Next, we draw the contour map of the function $f(\mathbf{x})$ and mark the directions of the two eigenvectors:

$\text{Figure 1: Directions of eigenvectors}$

We can see that the direction of the eigenvector with largest eigenvalue ( $\mathbf{v}^{(1)}$ ) indicates the steepest gradient direction of $f(\mathbf{x})$ while the eigenvector with smallest eigenvalue ( $\mathbf{v}^{(2)}$ ) indicates the most gradual gradient direction. In other words, the quadratic function $f(\mathbf{x})$ changes fastest along the direction of $\mathbf{v}^{(1)}$ while changes slowest along the direction of $\mathbf{v}^{(2)}$ .

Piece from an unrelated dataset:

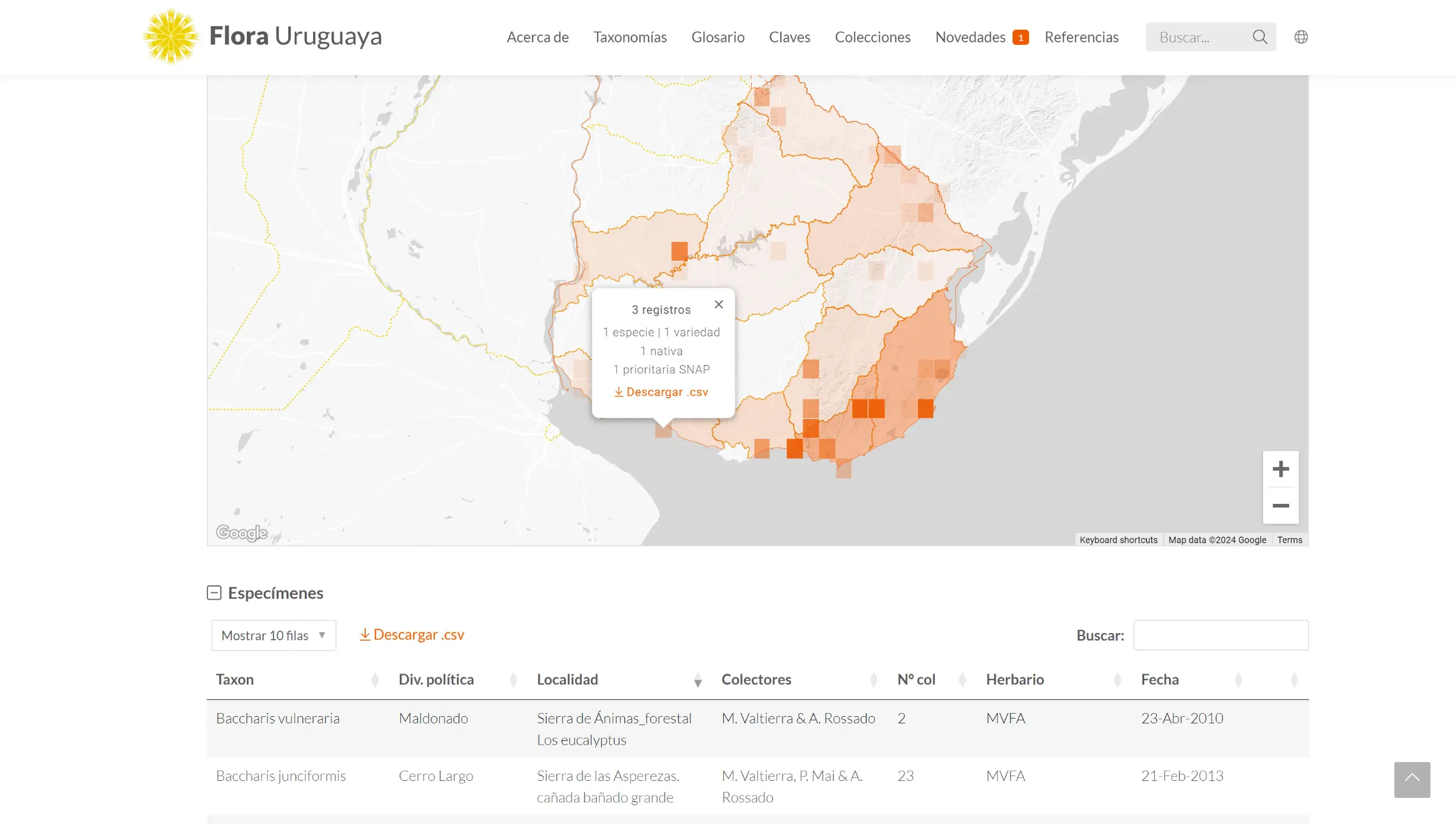 Mapas de distribución: Muestra la distribución espacial de especímenes recolectados, con opciones de filtrado por departamento o cuadrículas de 10 km.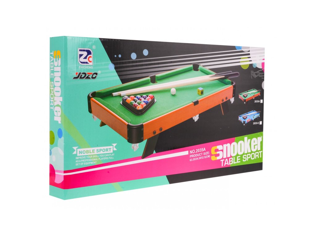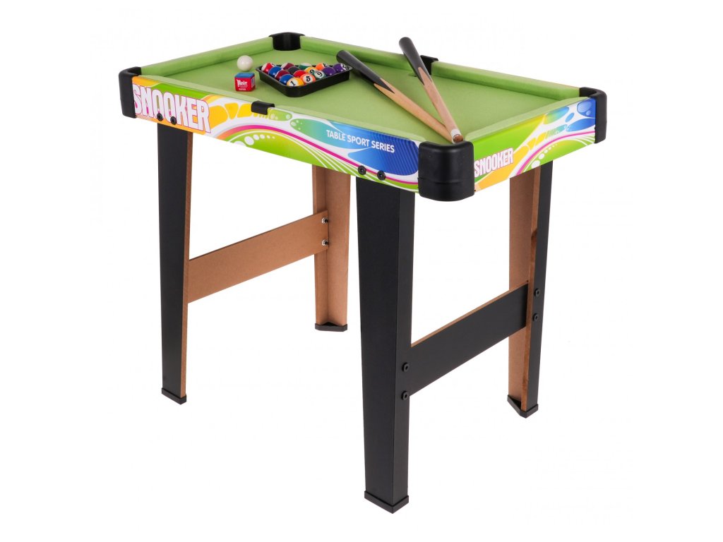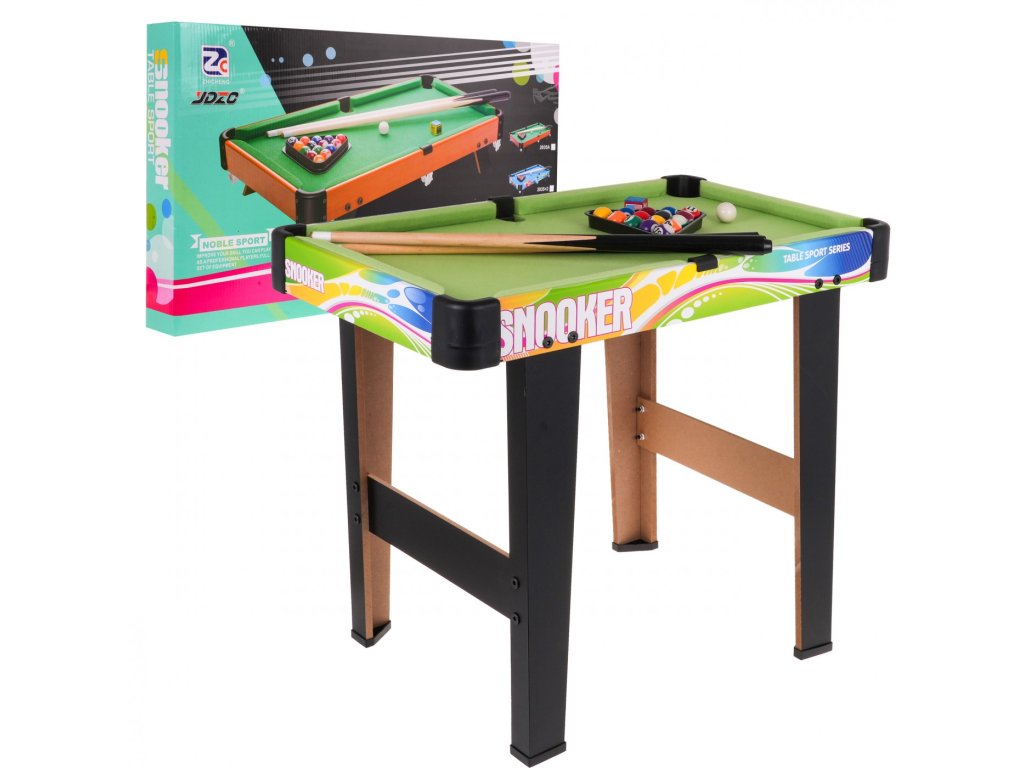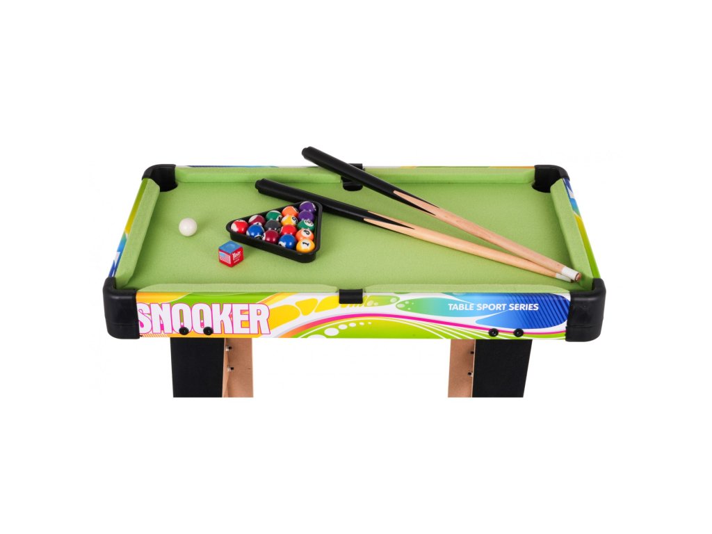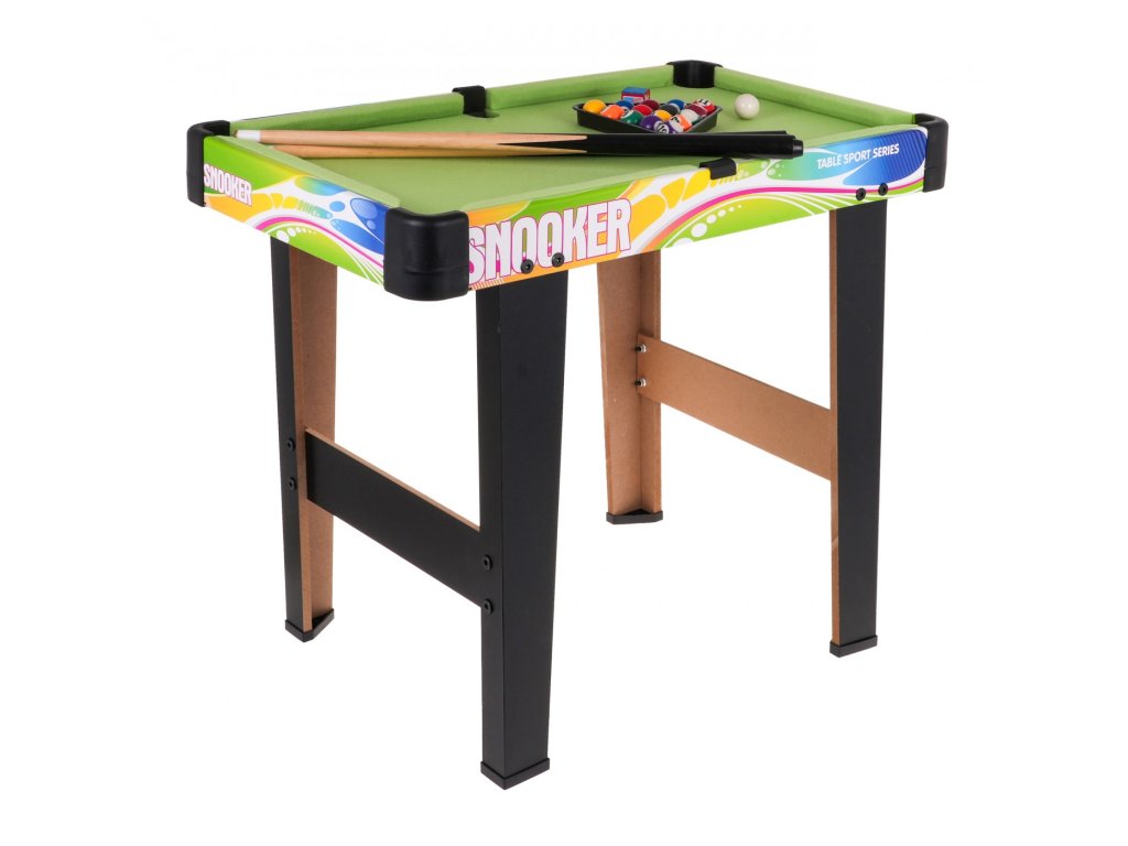 Kulečníkový stůl s příslušenstvím pro děti od 8 let. Stůl byl vyroben z pevných materiálů s důrazem na detail. Deska je odolná proti poškrábání a deformaci. Povrch stolu je potažen zelenou látkou.

Quadratic Optimization Problems

In this section, we introduce two common quadratic optimization problems and their corresponding theories.

Rayleigh–Ritz Ratio

For the following quadratic problems:

$\begin{align} f_1(\mathbf{x}) &= \max_{\mathbf{x}} \mathbf{x}^\top \mathbf{Mx} ~~s.t.~~ \lvert\lvert\mathbf{x}\rvert\rvert = 1 \\ f_2(\mathbf{x}) &= \min_{\mathbf{x}} \mathbf{x}^\top \mathbf{Mx} ~~s.t.~~ \lvert\lvert\mathbf{x}\rvert\rvert = 1 \end{align}$

where $\mathbf{x} \in \mathbb{R}^n$ and $\mathbf{M} \in \mathbb{R}^{n \times n}$ , we can find the solution according to the Rayleigh–Ritz theorem:

$\begin{align} &\text{If $\mathbf{M}$ is a symmetric $n \times n$ matrix with eigenvalues $\lambda_1 \ge \lambda_2 \ge ... \ge \lambda_n$ and if $\{\mathbf{v}_1, ..., \mathbf{v}_n\}$ is any} \\ &\text{orthogonal eigenvector set of $\mathbf{M}$, where $\mathbf{v}_i$ is an eigenvector associated with $\lambda_i$, then} \end{align}$ $\max \frac{\mathbf{x}^\top \mathbf{Mx}}{\mathbf{x}^\top \mathbf{x}} = \lambda_1 ~~\text{with}~~ \mathbf{x}=\mathbf{v}_1 \\ \min \frac{\mathbf{x}^\top \mathbf{Mx}}{\mathbf{x}^\top \mathbf{x}} = \lambda_n ~~\text{with}~~ \mathbf{x}=\mathbf{v}_n$

The ratio $\frac{\mathbf{x}^\top \mathbf{Mx}}{\mathbf{x}^\top \mathbf{x}}$ is known as the Rayleigh–Ritz ratio. When $\lvert\lvert\mathbf{x}\rvert\rvert = 1$ , we have $\mathbf{x}^\top \mathbf{x} = 1$ , and we can normalize each $\mathbf{v}_i$ into a unit eigenvector $\mathbf{v}_i^{'}$ and obtain the optimized solution:

$\begin{align} f_1(\mathbf{x}) &= \max \mathbf{x}^\top \mathbf{Mx} = \lambda_1 ~~\text{with}~~ \mathbf{x}=\mathbf{v}_1^{'} \\ f_2(\mathbf{x}) &= \min \mathbf{x}^\top \mathbf{Mx} = \lambda_n ~~\text{with}~~ \mathbf{x}=\mathbf{v}_n^{'} \end{align}$

This conclusion is essential for the Principle Component Analysis (PCA) algorithm, as we will see in my later blogs. In addition, we can derive a corollary from the Rayleigh–Ritz theorem:

$\begin{align} & \text{If } \mathbf{x} \in \{\mathbf{v}^{(1)}, \mathbf{v}^{(2)}, ..., \mathbf{v}^{(j-1)}\}^\perp,~~ \text{ then } \max \frac{\mathbf{x}^\top \mathbf{Mx}}{\mathbf{x}^\top \mathbf{x}} = \lambda_j \text{ with } \mathbf{x} = \mathbf{v}^{(j)} \\ & \text{If } \mathbf{x} \in \{\mathbf{v}^{(j+1)}, \mathbf{v}^{(j+2)}, ..., \mathbf{v}^{(n)}\}^\perp,~~ \text{ then } \min \frac{\mathbf{x}^\top \mathbf{Mx}}{\mathbf{x}^\top \mathbf{x}} = \lambda_j \text{ with } \mathbf{x} = \mathbf{v}^{(j)} \end{align}$

where $\perp$ denotes the orthogonal complement.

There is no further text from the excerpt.